Local & Community
Local Heart Hero Shares Life-Saving CPR Story on National Wear Red Day
National Wear Red Day marks the American Heart Association's 2026 campaign push: in a cardiac emergency, the true first responder is often an everyday bystander, not a medical professional.
Heart disease remains the number one killer in America, and cardiac arrest can strike anywhere—at the gym, in a grocery store, or on the sidelines of a child's soccer game. Yet bystanders step in only about 40% of the time, often due to uncertainty or lack of training.
Shari Chun, an American Heart Association volunteer, knows this firsthand. She was leaving a facility when she spotted a man lying on the grass with his wife hunched over him. Chun ran across the street and found him in cardiac arrest, not breathing.
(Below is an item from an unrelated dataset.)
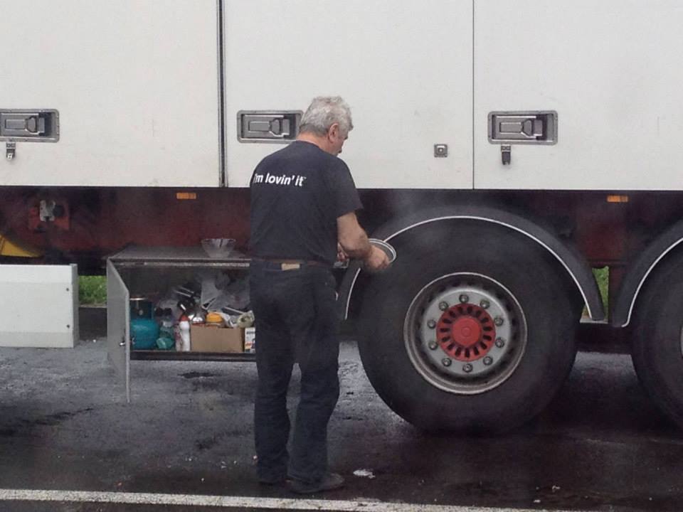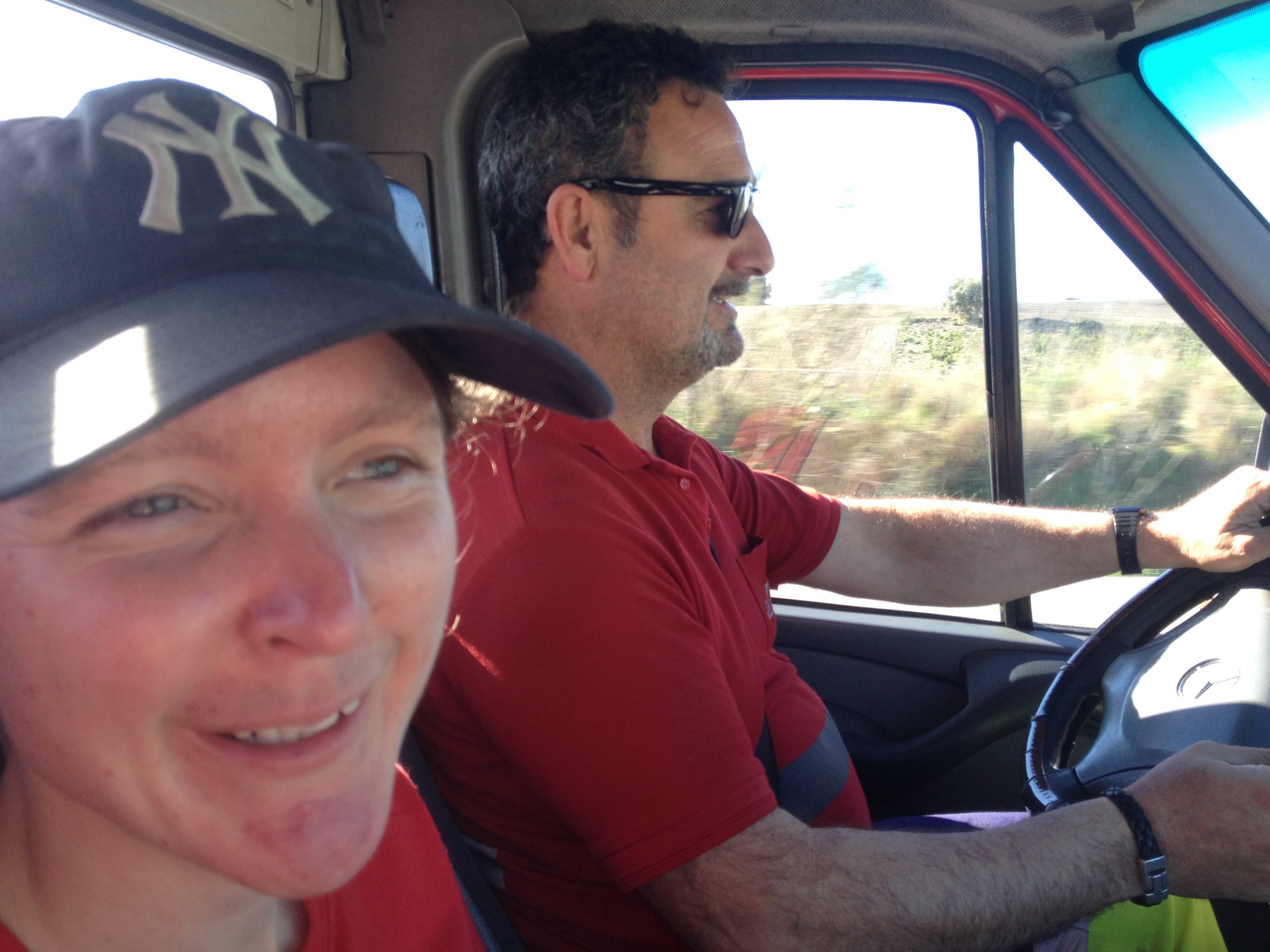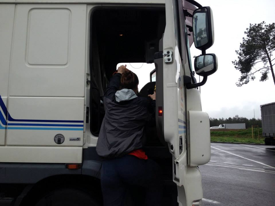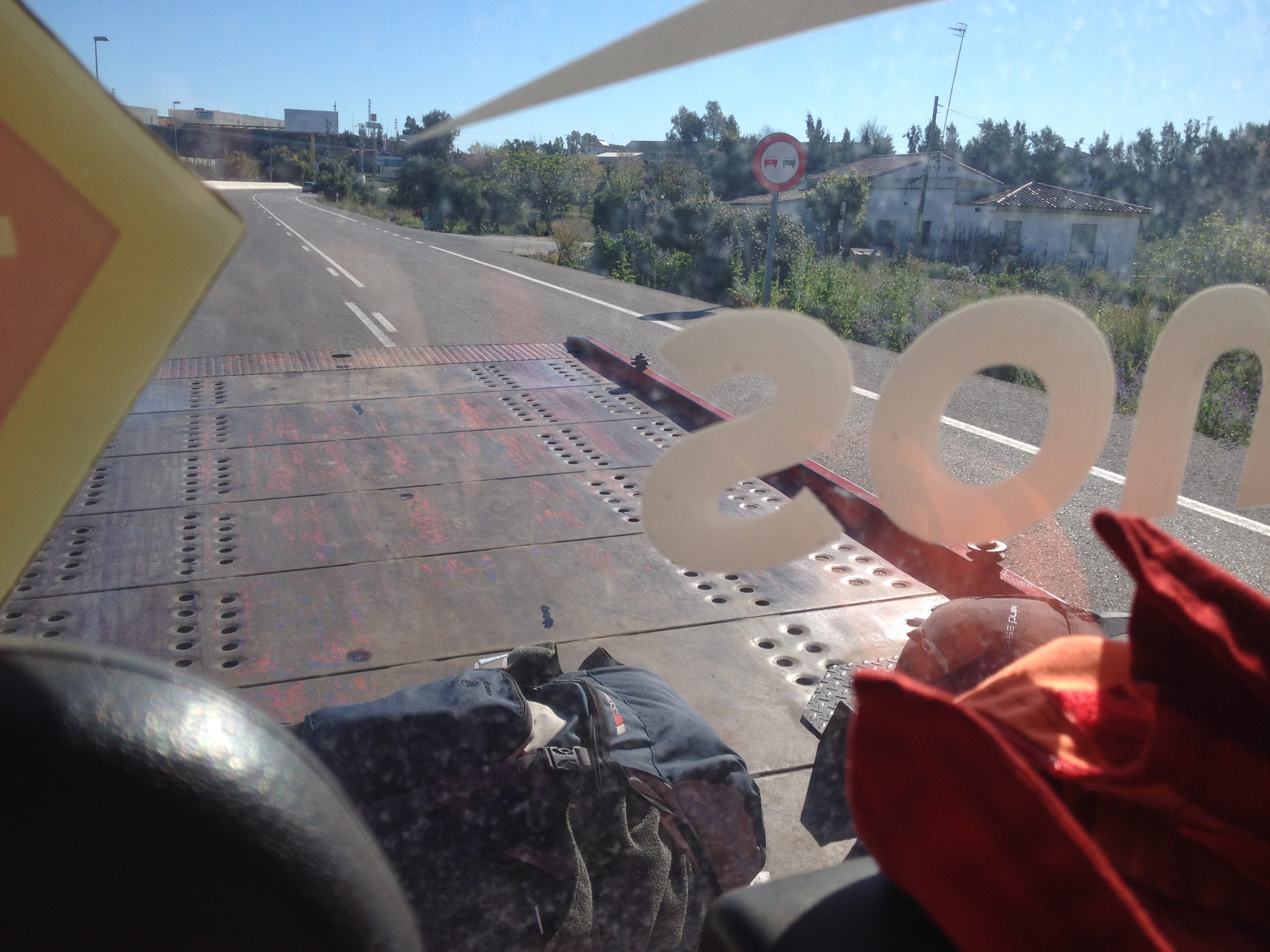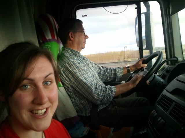 Hitch #24: Fernando the slightly OCD tidy Portuguese truck driver. Never did we see such a clean, organised truck. He agreed to take us all the way to Valladolid, Northern Spain. Now, the truck only had one seat – so we alternated with one us sitting on the floor!

She immediately started hands-only CPR and continued for about five minutes until paramedics arrived.
"Although I am a nurse, the skills that I used on that day were skills that anyone in the community could have used because I only performed hands-only CPR for approximately five minutes until the ambulance arrived, and that was enough to save his life," Chun said.
Hands-only CPR eliminates mouth-to-mouth resuscitation. The technique requires only hard, fast chest compressions in the center of the chest until emergency responders arrive.
The American Heart Association aims to have one person in every household know hands-only CPR by 2028. A 90-second training video is available at heart.org/handsonlycpr. Performing CPR increases a cardiac arrest victim's chances of survival two to three times.